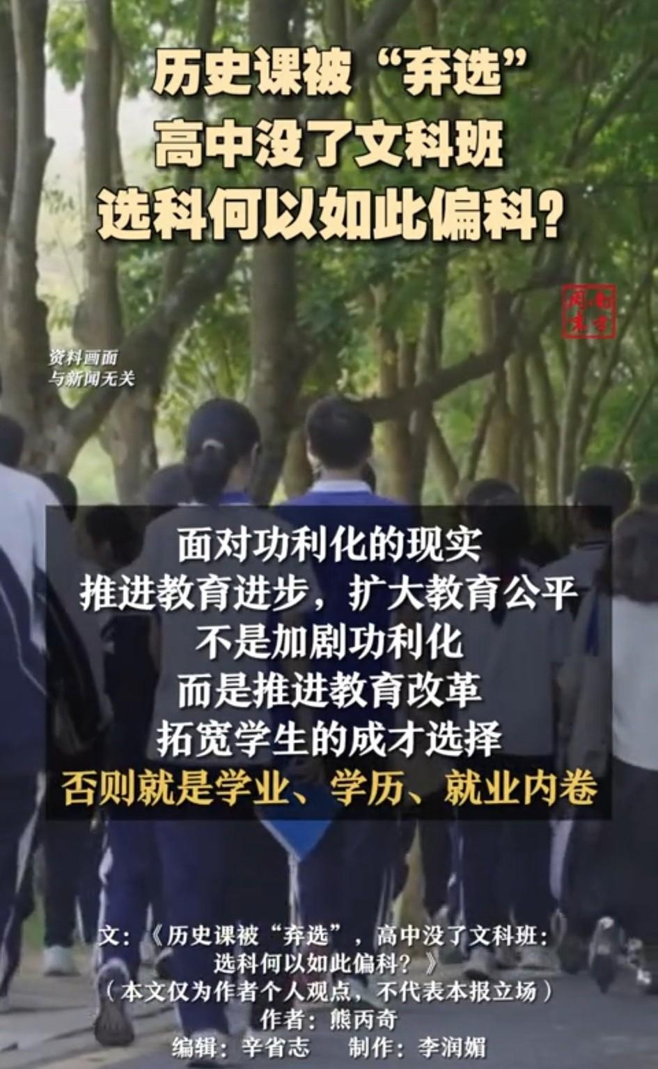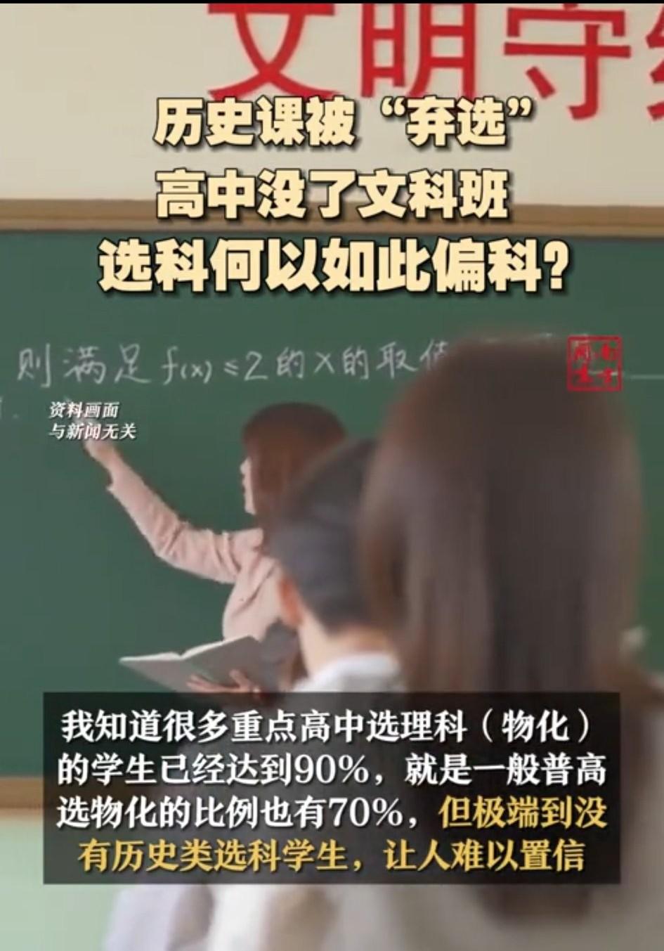 《南方周末》那篇“被弃选的历史课”看得人心里挺不是滋味的。河南某县中,快2000个学生里选历史的不到170人,20位历史老师一半没课教,有的都准备转行了。这事不是个例,新高考省份里物理和历史考生的比例普遍七三开,有的地方甚至八二开。 为啥历史这么不受待见?说白了就三点:高考70%的专业都要物理,选历史等于主动放弃大部分专业;县中孩子从老师到家长都觉得文科不好找工作;再就是学校开课也倾向物理组合,历史组合没几个能选。但你说文科真被弱化了吗?也不完全是。现在大厂抢着要文科生,什么AI叙事设计师、伦理研究员,月薪两三万起,因为批判性思维和讲故事的能力机器替代不了。 问题出在制度上——把选科和就业死死绑在一起,逼着十几岁的孩子做功利选择。高考改革本该拓宽路子,结果反而把人往窄里推。历史可以选考,但不能不学。一个连自己国家历史都搞不清楚的年轻人,将来能走多远?南方周末 重文轻理 文理选科
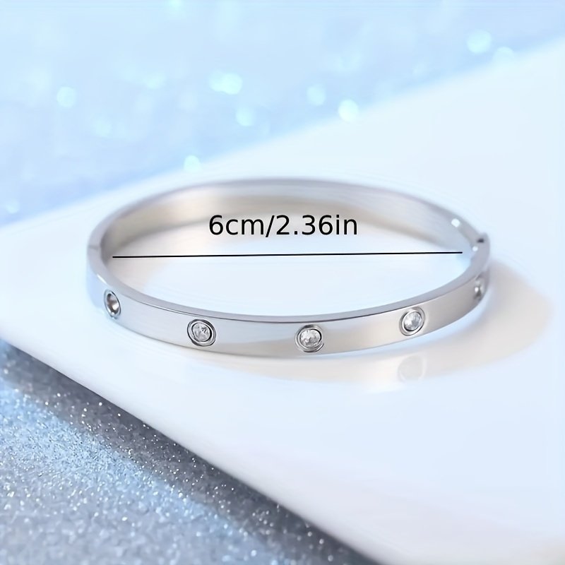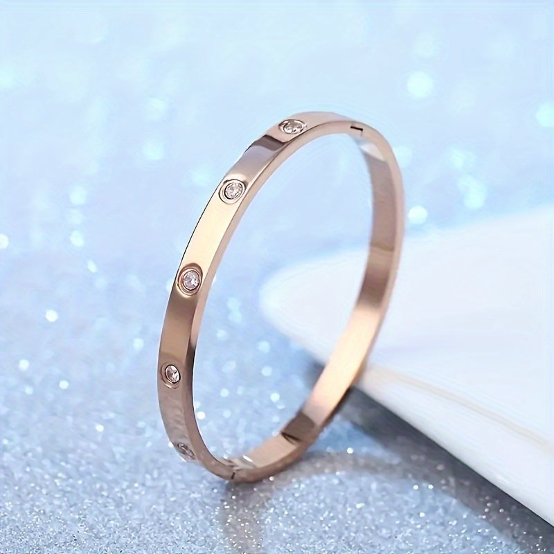 - بريق الزركون الساحر: تألقي بلمعان الماس الطبيعي مع أحجار الزركون الصناعي المختارة بعناية، التي تعكس الضوء ببراعة لتمنح سوارك رونقاً لا يقاوم وتجذب الأنظار.
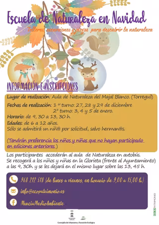 Cartel de actividades de la Escuela de Naturaleza en Navidad - AYUNTAMIENTO DE MURCIA
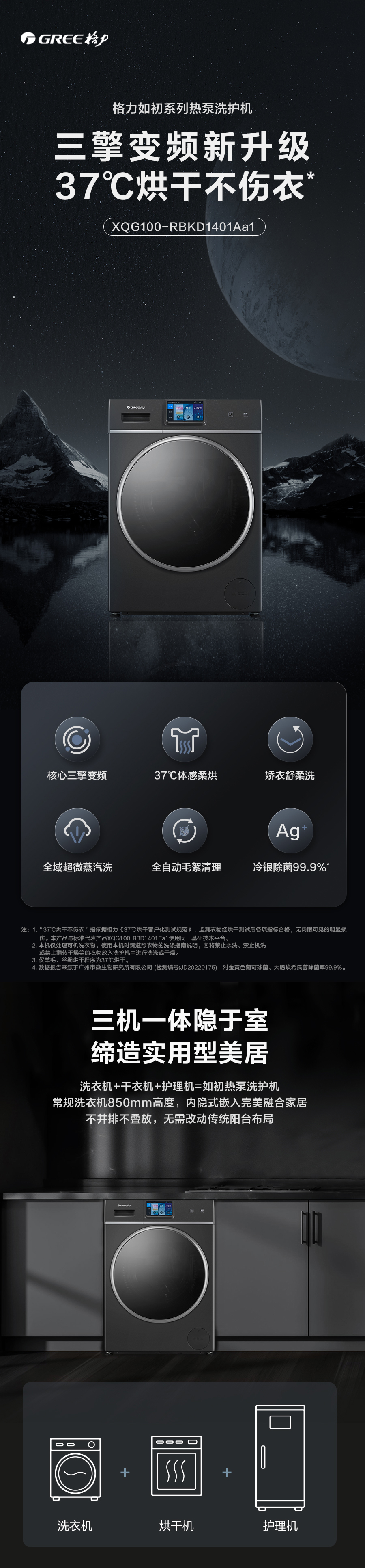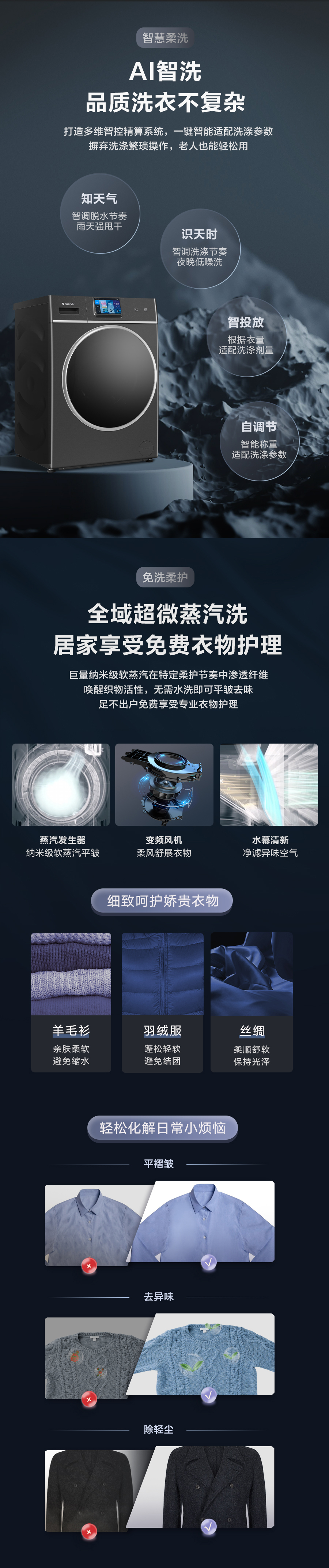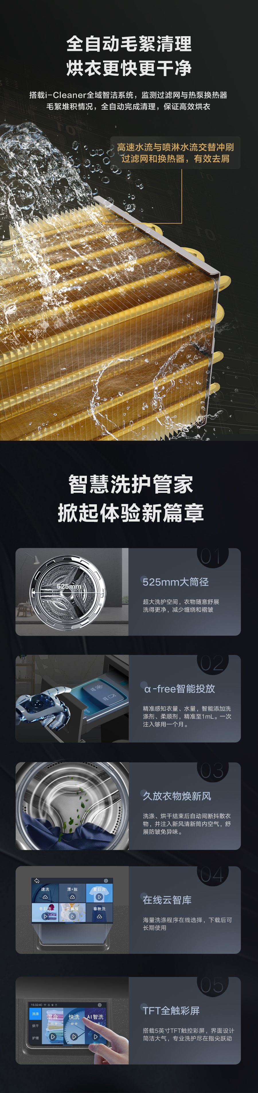 37℃低温柔烘不伤衣;全域超微蒸汽洗;ICleaner全域智清洁
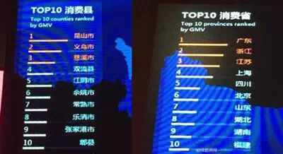 “雙十一”消費(fèi)排行榜出爐,榮獲“敗家”前五名的省份分別是:廣東、浙江、江蘇、上海、四川,四川較之去年的第六名上升一位;另在top10消費(fèi)縣中,義烏排第二
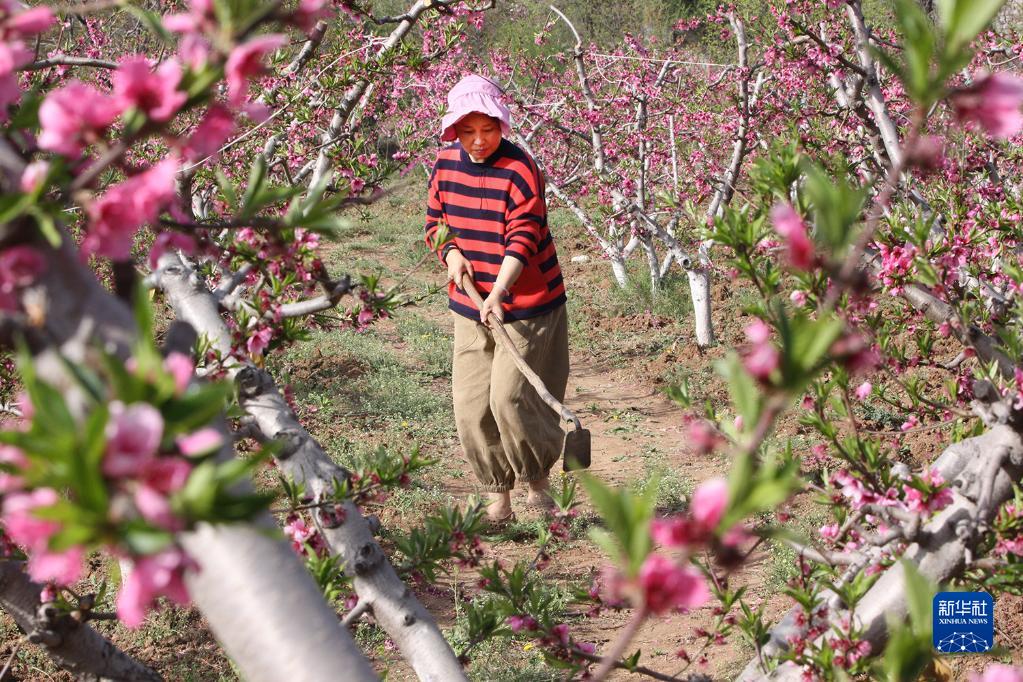 4月10日,河南省焦作市博爱县寨豁乡玄坛庙村,果农们在冬桃园里锄草。
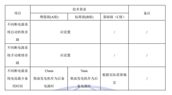 國標(biāo)GB50174-2017《數(shù)據(jù)中心設(shè)計(jì)規(guī)范》中對于A、B、C三級數(shù)據(jù)中心不間斷電源系統(tǒng)旁路及備用時(shí)間的具體要求如下:
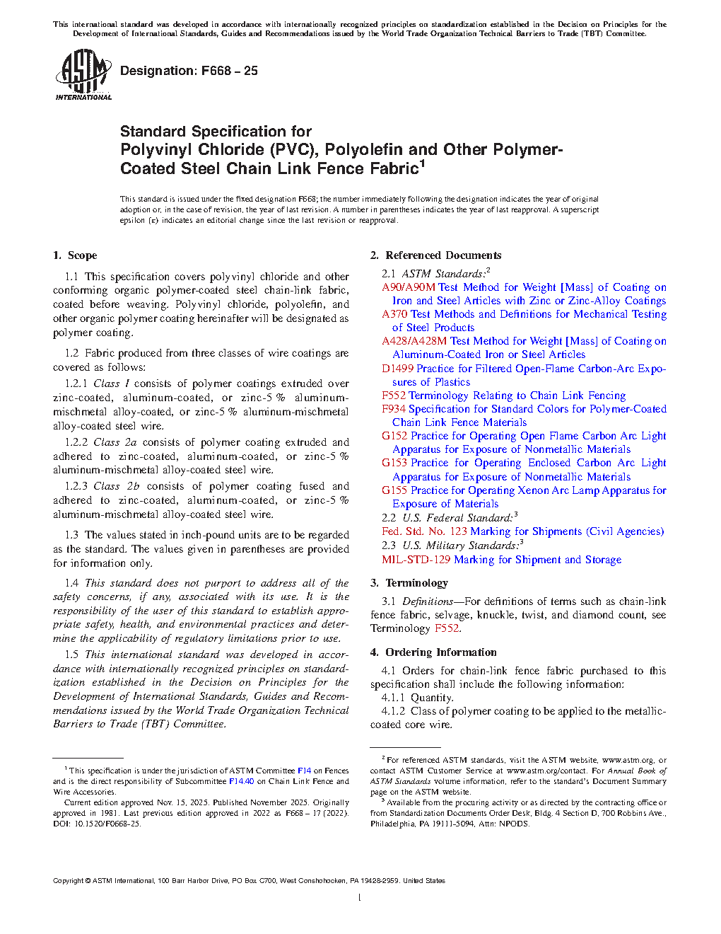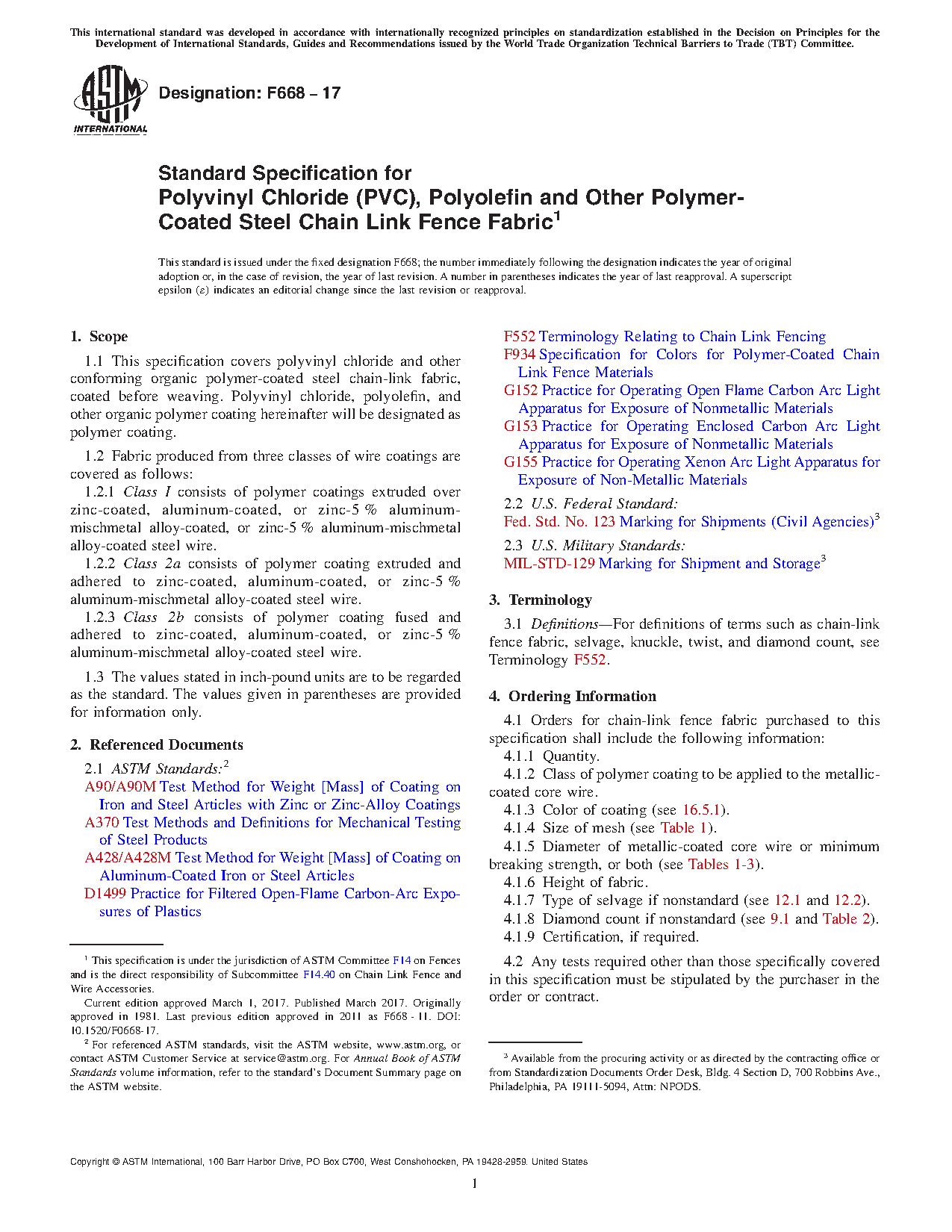 This specification covers polyvinyl chloride and other conforming organic polymer-coated steel chain-link fabric, coated before weaving. Fabric produced from three classes of wire coatings are covered as follows: Class I consists of polymer coatings extruded over zinc-coated, aluminum-coated, or zinc-5 % aluminum-mischmetal alloy-coated, or zinc-5 % aluminum-mischmetal alloy-coated steel wire; Class 2a consists of polymer coating extruded and adhered to zinc-coated, aluminum-coated, or zinc-5 % aluminum-mischmetal alloy-coated steel wire; Class 2b consists of polymer coating fused and adhered to zinc-coated, aluminum-coated, or zinc-5 % aluminum-mischmetal alloy-coated steel wire. Materials shall be tested and the individual grades shall conform to material, weave, mesh size, diamond count, wire size, fabric height, selvage, breaking strength, weight of Zinc, Aluminum, or Zinc-5 % Aluminum-Mischmetal Alloy Coatings, polymer coating thickness, polymer-coated wire, and roll length.
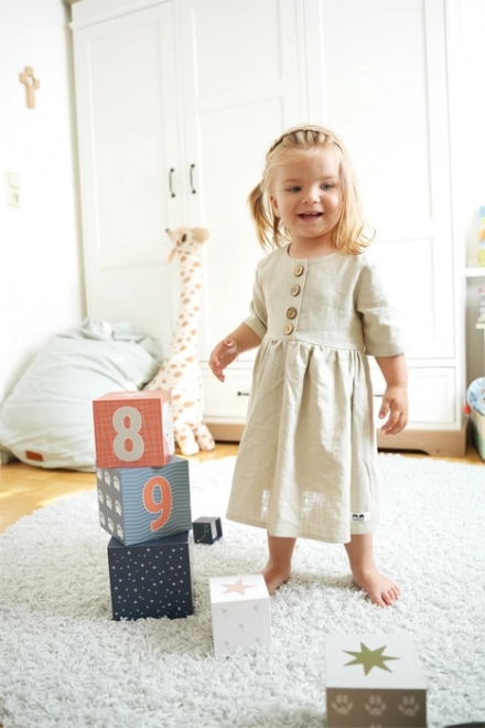 Predstavljamo edinstvene zložljive kocke Arctic, ki združujejo učenje in igro. Z desetimi kockami iz vzdržljivega kartona s certifikatom FSC ponujajo otrokom zabavno priložnost, da osvojijo osnove števil, barv in velikosti. Vsaka kocka je okrašena z motivom polarnih živali in številko, kar podpira ne le ustvarjalnost, temveč tudi fino motoriko malih graditeljev.
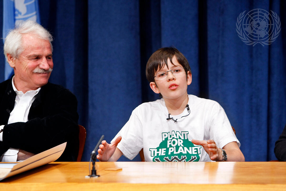 Felix Finkbeiner (right) of the “Plant-for-the-Planet Children Initiative” briefs correspondents at a press conference on the International Forest Film Festival, one of the events in 2011 to raise awareness on forest conservation. At left is international filmmaker Yann Arthus-Bertrand.

___

● **Your instructions**
Exact repeat of the material above: every line from the one with "37℃低温柔烘不伤衣;全域超微蒸汽洗;ICleaner全域智清洁" through the one with "Predstavljamo edinstvene zložljive", endpoints included, and nothing more. No pictures.

● **Task response**
 37℃低温柔烘不伤衣;全域超微蒸汽洗;ICleaner全域智清洁
 “雙十一”消費(fèi)排行榜出爐,榮獲“敗家”前五名的省份分別是:廣東、浙江、江蘇、上海、四川,四川較之去年的第六名上升一位;另在top10消費(fèi)縣中,義烏排第二
 4月10日,河南省焦作市博爱县寨豁乡玄坛庙村,果农们在冬桃园里锄草。
 國標(biāo)GB50174-2017《數(shù)據(jù)中心設(shè)計(jì)規(guī)范》中對于A、B、C三級數(shù)據(jù)中心不間斷電源系統(tǒng)旁路及備用時(shí)間的具體要求如下:
 This specification covers polyvinyl chloride and other conforming organic polymer-coated steel chain-link fabric, coated before weaving. Fabric produced from three classes of wire coatings are covered as follows: Class I consists of polymer coatings extruded over zinc-coated, aluminum-coated, or zinc-5 % aluminum-mischmetal alloy-coated, or zinc-5 % aluminum-mischmetal alloy-coated steel wire; Class 2a consists of polymer coating extruded and adhered to zinc-coated, aluminum-coated, or zinc-5 % aluminum-mischmetal alloy-coated steel wire; Class 2b consists of polymer coating fused and adhered to zinc-coated, aluminum-coated, or zinc-5 % aluminum-mischmetal alloy-coated steel wire. Materials shall be tested and the individual grades shall conform to material, weave, mesh size, diamond count, wire size, fabric height, selvage, breaking strength, weight of Zinc, Aluminum, or Zinc-5 % Aluminum-Mischmetal Alloy Coatings, polymer coating thickness, polymer-coated wire, and roll length.
 Predstavljamo edinstvene zložljive kocke Arctic, ki združujejo učenje in igro. Z desetimi kockami iz vzdržljivega kartona s certifikatom FSC ponujajo otrokom zabavno priložnost, da osvojijo osnove števil, barv in velikosti. Vsaka kocka je okrašena z motivom polarnih živali in številko, kar podpira ne le ustvarjalnost, temveč tudi fino motoriko malih graditeljev.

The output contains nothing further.